A nossa atuação como Terapeutas e/ou Analistas faz-nos deparar com uma série de
situações que nos exigem certas atitudes ou ações que levem em conta uma série de
princípios e de regras que convencionamos chamar de regras éticas e que estão
parcialmente objetivadas nos diversos códigos de conduta referentes ao atendimento do
paciente e à pesquisa clínica. Na verdade devemos lembrar antes de mais nada a diferença
conceitual entre Ética e Moral.
A palavra Ética vem do grego ethos, e tem a ver com costume, caráter, conduta, enquanto
que moral vem do latim mores, e está mais relacionada com o sistema de valores de uma
dada sociedade, em uma dada época. Dessa forma seria mais adequado nos referirmos a
regras morais, quando falamos de normas de conduta profissional.

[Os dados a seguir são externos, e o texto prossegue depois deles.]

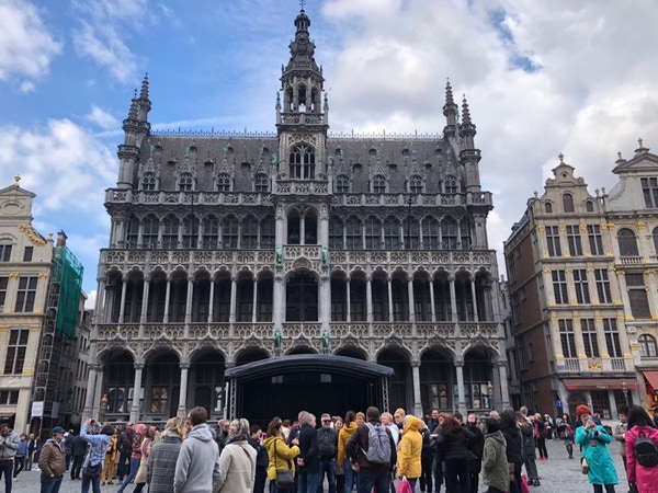 We got an early start this morning and left the ship around 7:30. The HAL shuttle got us from the port in Rotterdam to Schiphol Airport in Amsterdam in a little over an hour. We picked up a car, a silver Alfa Romeo Giulia, from Hertz. It’s okay—the seats are more comfy than our Prius but it has some quirky features. The built-in navigation got us where we were going today but it’s tedious to put in a destination. The weather was chilly with a steady rain almost all day. We first went to the Keukenhof Garden in Lisse, Netherlands. The number and colors of the tulips is amazing. There were huge crowds and the biggest danger was the umbrellas. We stayed for a couple hours and left for our hotel in Brussels, a distance of about 200 km. Before we left the gardens we discovered that Jay’s phone was missing. It’s a mystery as we had it in the car with us. We notified the Lost and Found at Keukenhof Garden but aren’t hopeful of their finding it. We’re staying at a funky little hotel in Brussels and the rain is making it unpleasant to be out. We walked to a nearby cafe and had Belgian waffles for dinner. Tomorrow we may have to find some sprouts (groan). The manager of the hotel told us they had snow in Normandy today. Wish we could trade this rain for the weather back home!

Grande parte destas regras está escrita nos chamados códigos de ética de diversas
corporações profissionais. Na prática médica temos, por exemplo, o Código de Ética
Médica, elaborado pelo conselho federal de medicina, referendado pelos diversos
conselhos regionais de medicina, de acordo com cada estado da Federação. Os psicólogos
também têm o seu Conselho de Ética, assim como as demais profissões ligadas á saúde:
Fisioterapia, Terapia Ocupacional, Fonoaudiologia, etc.
A diversidade e sutileza das situações clínicas, somadas à complexidade dos
relacionamentos interpessoais, à variabilidade individual (seja do paciente ou do terapeuta)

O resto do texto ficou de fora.